---------- Input ----------

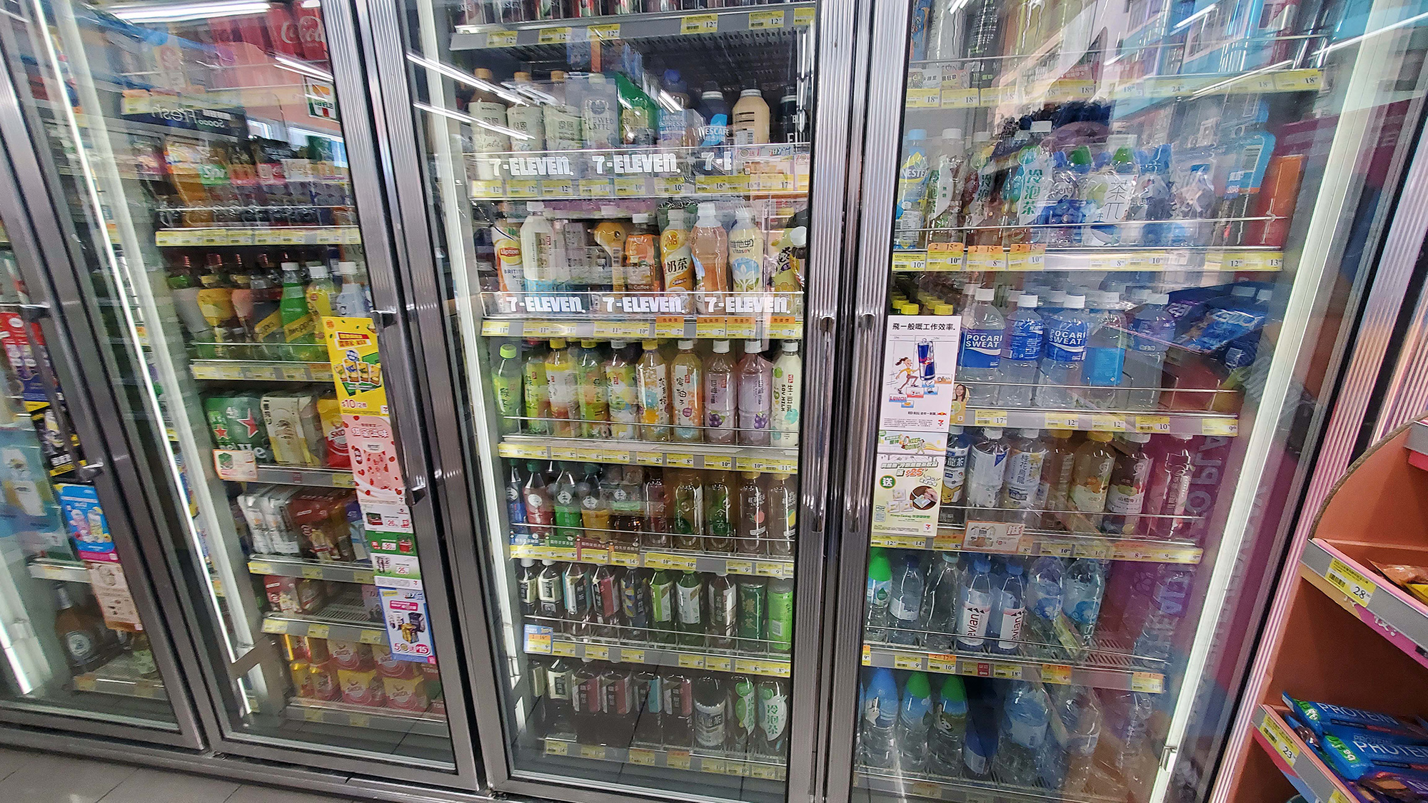 ドリンク類も同じで、コーラといった定番から日本のソフトドリンクやお茶もいっぱい売られています。気を付けたい点を”強いていえば”レベルですが、香港のお茶には、商品によってははちみつ入りのお茶というのがあり非常に甘いです。はちみつ入りなどは蜂の絵がラベル描かれているのでわかりやすいと思いますが、飲んだ瞬間に甘いことにびっくりする人もいると思うので、そこは気を付けるといいでしょう。アルコールでいえば、ビールも外国製から日本のビールまで幅広く売られています。
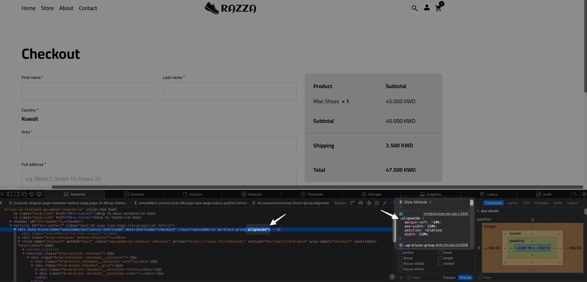 The easiest way to prevent the overflow is to remove the .alignwide setting from the block in Gutenberg. It shouldn’t make a difference (apart from fixing the overflow), since the cart is still rendered inside a bricks container (which has a fixed width anyway).
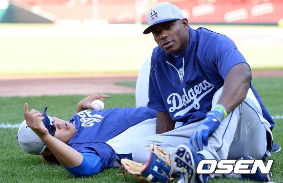 7일(이하 한국시간) 미국 미주리주 세인트루이스에 위치한 부시스타디움에서 열린 2013 메이저리그 세인트루이스 카디널스와 LA 다저스의 경기, 경기에 앞서 다저스 류현진이 푸이그와 이야기를 나누고 있다.
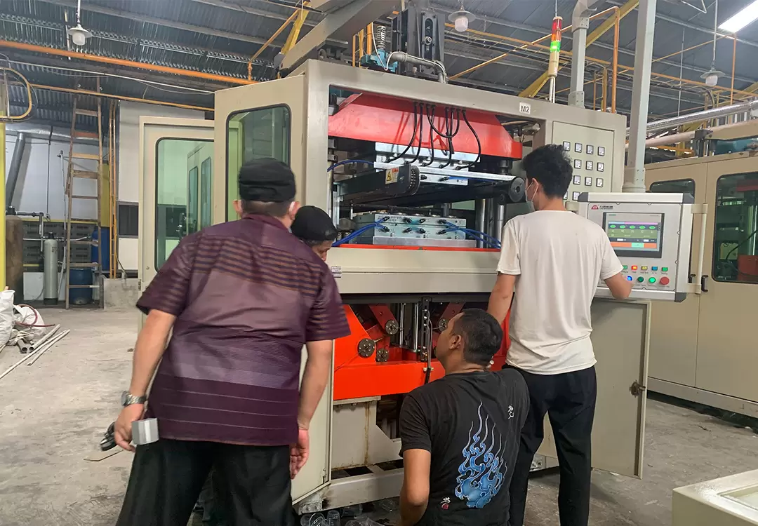 Vào đầu tháng 8 năm 2023, nhóm của chúng tôi đã đến Indonesia để thăm những khách hàng cũ. Lần này nhóm của chúng tôi đã đến nhà máy của khách hàng và đưa kỹ sư vận hành thiết bị đi cùng. Mục đích đầu tiên là tìm đại lý cho máy ép nhiệt nhựa, và mục đích thứ hai là duy trì những khách hàng cũ ở Indonesia một lần nữa. Điều chỉnh và bảo trì thiết bị của khách hàng, và giải quyết những lỗi và vấn đề thường gặp trong sản xuất hàng ngày cho khách hàng. Khách hàng nồng nhiệt chào đón nhóm của chúng tôi đến thămnhà máy. Khách hàng này đã mua hai máy làm cốc nhựa TQC-650B và hai máy đùn tấm nhựa PP PS TJ-750D từ công ty chúng tôi vào năm 2021! công ty chúng tôi vào năm 2021!
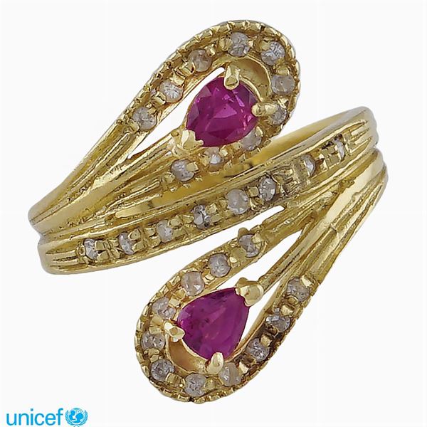 two drop cut rubies and huit-huit cut diamonds, size 8, peso 4 gr.
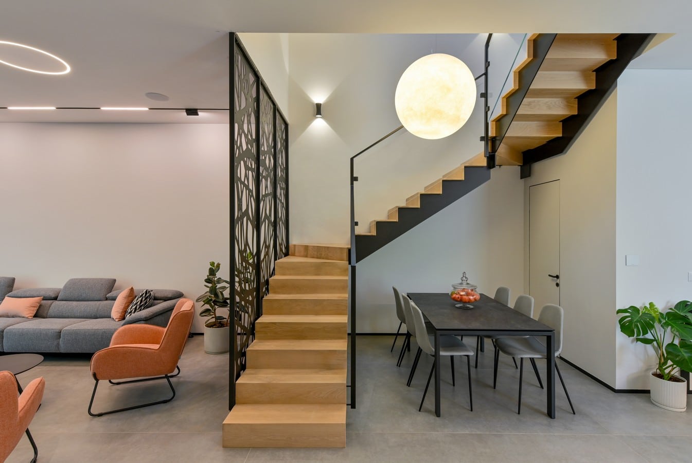 פרויקט בקריית אונו מדרגות ברזל בצבע שחור עם חיפוי רום ושלח מעץ אלון אמריקאי
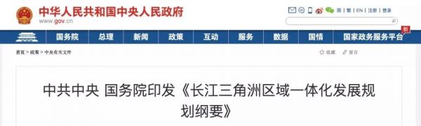 12月1日,國務院印發(fā)了《長江三角洲區(qū)域一體化發(fā)展規(guī)劃綱要》,并發(fā)出通知,要求各地區(qū)各部門結合實際認真貫徹落實。
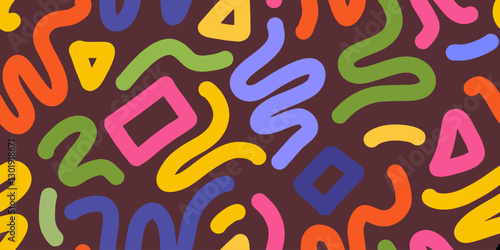 Fun colorful line doodle seamless pattern for kids birthday party or celebration background, trendy design with scribble shapes on black backdrop
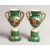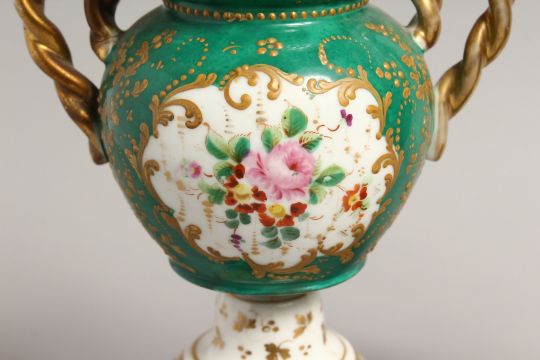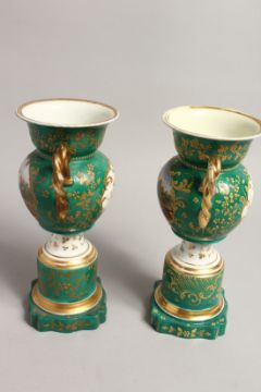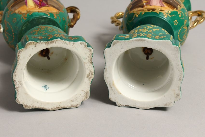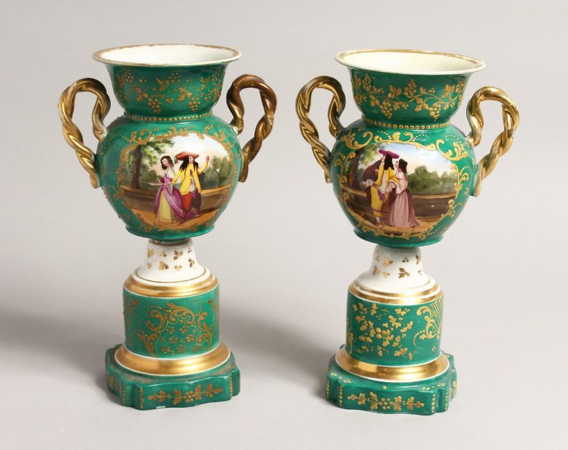 A PAIR OF 19TH CENTURY PARIS GREEN GROUP TWO HANDLED URNS with reverse panels of figures and flowers
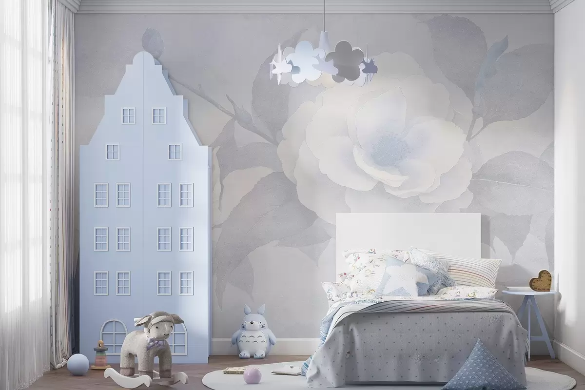 Fototapet Mjuk pastell med kameliablommor på grenen, blå färger Nr. w03760v1
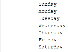 String days = "Sunday\n" + "Monday\n" + "Tuesday\n" + "Wednesday\n" + "Thursday\n" + "Friday\n" + "Saturday";

----------

Your instructions =
Each entry should be set down exactly, pictures excluded.

Written answer =
 ドリンク類も同じで、コーラといった定番から日本のソフトドリンクやお茶もいっぱい売られています。気を付けたい点を”強いていえば”レベルですが、香港のお茶には、商品によってははちみつ入りのお茶というのがあり非常に甘いです。はちみつ入りなどは蜂の絵がラベル描かれているのでわかりやすいと思いますが、飲んだ瞬間に甘いことにびっくりする人もいると思うので、そこは気を付けるといいでしょう。アルコールでいえば、ビールも外国製から日本のビールまで幅広く売られています。
 The easiest way to prevent the overflow is to remove the .alignwide setting from the block in Gutenberg. It shouldn’t make a difference (apart from fixing the overflow), since the cart is still rendered inside a bricks container (which has a fixed width anyway).
 7일(이하 한국시간) 미국 미주리주 세인트루이스에 위치한 부시스타디움에서 열린 2013 메이저리그 세인트루이스 카디널스와 LA 다저스의 경기, 경기에 앞서 다저스 류현진이 푸이그와 이야기를 나누고 있다.
 Vào đầu tháng 8 năm 2023, nhóm của chúng tôi đã đến Indonesia để thăm những khách hàng cũ. Lần này nhóm của chúng tôi đã đến nhà máy của khách hàng và đưa kỹ sư vận hành thiết bị đi cùng. Mục đích đầu tiên là tìm đại lý cho máy ép nhiệt nhựa, và mục đích thứ hai là duy trì những khách hàng cũ ở Indonesia một lần nữa. Điều chỉnh và bảo trì thiết bị của khách hàng, và giải quyết những lỗi và vấn đề thường gặp trong sản xuất hàng ngày cho khách hàng. Khách hàng nồng nhiệt chào đón nhóm của chúng tôi đến thămnhà máy. Khách hàng này đã mua hai máy làm cốc nhựa TQC-650B và hai máy đùn tấm nhựa PP PS TJ-750D từ công ty chúng tôi vào năm 2021! công ty chúng tôi vào năm 2021!
 two drop cut rubies and huit-huit cut diamonds, size 8, peso 4 gr.
 פרויקט בקריית אונו מדרגות ברזל בצבע שחור עם חיפוי רום ושלח מעץ אלון אמריקאי
 12月1日,國務院印發(fā)了《長江三角洲區(qū)域一體化發(fā)展規(guī)劃綱要》,并發(fā)出通知,要求各地區(qū)各部門結合實際認真貫徹落實。
 Fun colorful line doodle seamless pattern for kids birthday party or celebration background, trendy design with scribble shapes on black backdrop
 A PAIR OF 19TH CENTURY PARIS GREEN GROUP TWO HANDLED URNS with reverse panels of figures and flowers
 Fototapet Mjuk pastell med kameliablommor på grenen, blå färger Nr. w03760v1
 String days = "Sunday\n" + "Monday\n" + "Tuesday\n" + "Wednesday\n" + "Thursday\n" + "Friday\n" + "Saturday";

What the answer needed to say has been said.